Recorded data >>
▼

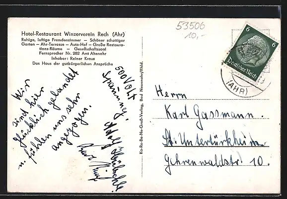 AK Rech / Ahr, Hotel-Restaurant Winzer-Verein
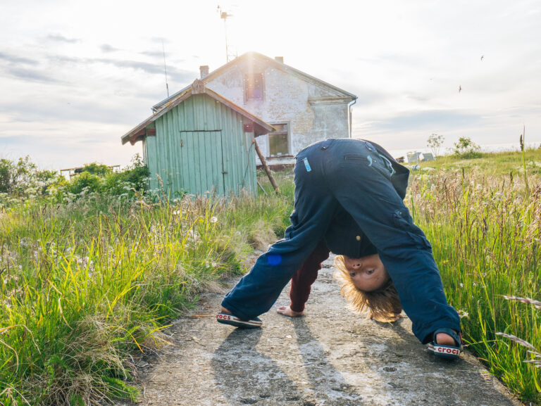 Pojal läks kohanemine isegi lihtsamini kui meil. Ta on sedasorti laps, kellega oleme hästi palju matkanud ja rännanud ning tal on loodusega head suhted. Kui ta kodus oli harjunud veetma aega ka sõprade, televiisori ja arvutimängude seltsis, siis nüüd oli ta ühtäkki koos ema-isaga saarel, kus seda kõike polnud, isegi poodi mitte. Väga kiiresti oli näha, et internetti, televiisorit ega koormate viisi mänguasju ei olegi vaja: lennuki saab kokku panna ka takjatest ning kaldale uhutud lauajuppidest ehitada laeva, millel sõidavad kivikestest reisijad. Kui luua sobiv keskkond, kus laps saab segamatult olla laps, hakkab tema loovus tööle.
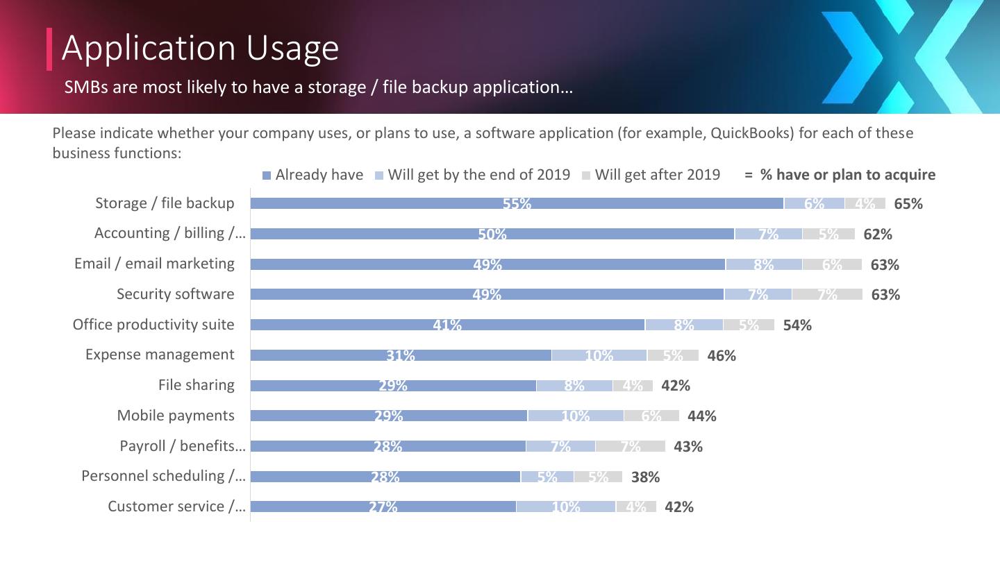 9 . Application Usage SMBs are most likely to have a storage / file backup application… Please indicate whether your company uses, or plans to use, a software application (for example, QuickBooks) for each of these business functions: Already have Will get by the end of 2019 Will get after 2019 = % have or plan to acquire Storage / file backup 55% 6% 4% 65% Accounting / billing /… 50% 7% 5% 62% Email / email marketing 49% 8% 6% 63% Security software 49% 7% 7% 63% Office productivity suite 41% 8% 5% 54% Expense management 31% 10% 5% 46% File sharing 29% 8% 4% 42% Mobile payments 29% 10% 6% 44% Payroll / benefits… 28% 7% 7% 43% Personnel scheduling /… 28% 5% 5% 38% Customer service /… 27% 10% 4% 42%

▲

Your objective >>
Output the material above word for word. Leave out its images.

Task answer >>
 AK Rech / Ahr, Hotel-Restaurant Winzer-Verein
 Pojal läks kohanemine isegi lihtsamini kui meil. Ta on sedasorti laps, kellega oleme hästi palju matkanud ja rännanud ning tal on loodusega head suhted. Kui ta kodus oli harjunud veetma aega ka sõprade, televiisori ja arvutimängude seltsis, siis nüüd oli ta ühtäkki koos ema-isaga saarel, kus seda kõike polnud, isegi poodi mitte. Väga kiiresti oli näha, et internetti, televiisorit ega koormate viisi mänguasju ei olegi vaja: lennuki saab kokku panna ka takjatest ning kaldale uhutud lauajuppidest ehitada laeva, millel sõidavad kivikestest reisijad. Kui luua sobiv keskkond, kus laps saab segamatult olla laps, hakkab tema loovus tööle.
 9 . Application Usage SMBs are most likely to have a storage / file backup application… Please indicate whether your company uses, or plans to use, a software application (for example, QuickBooks) for each of these business functions: Already have Will get by the end of 2019 Will get after 2019 = % have or plan to acquire Storage / file backup 55% 6% 4% 65% Accounting / billing /… 50% 7% 5% 62% Email / email marketing 49% 8% 6% 63% Security software 49% 7% 7% 63% Office productivity suite 41% 8% 5% 54% Expense management 31% 10% 5% 46% File sharing 29% 8% 4% 42% Mobile payments 29% 10% 6% 44% Payroll / benefits… 28% 7% 7% 43% Personnel scheduling /… 28% 5% 5% 38% Customer service /… 27% 10% 4% 42%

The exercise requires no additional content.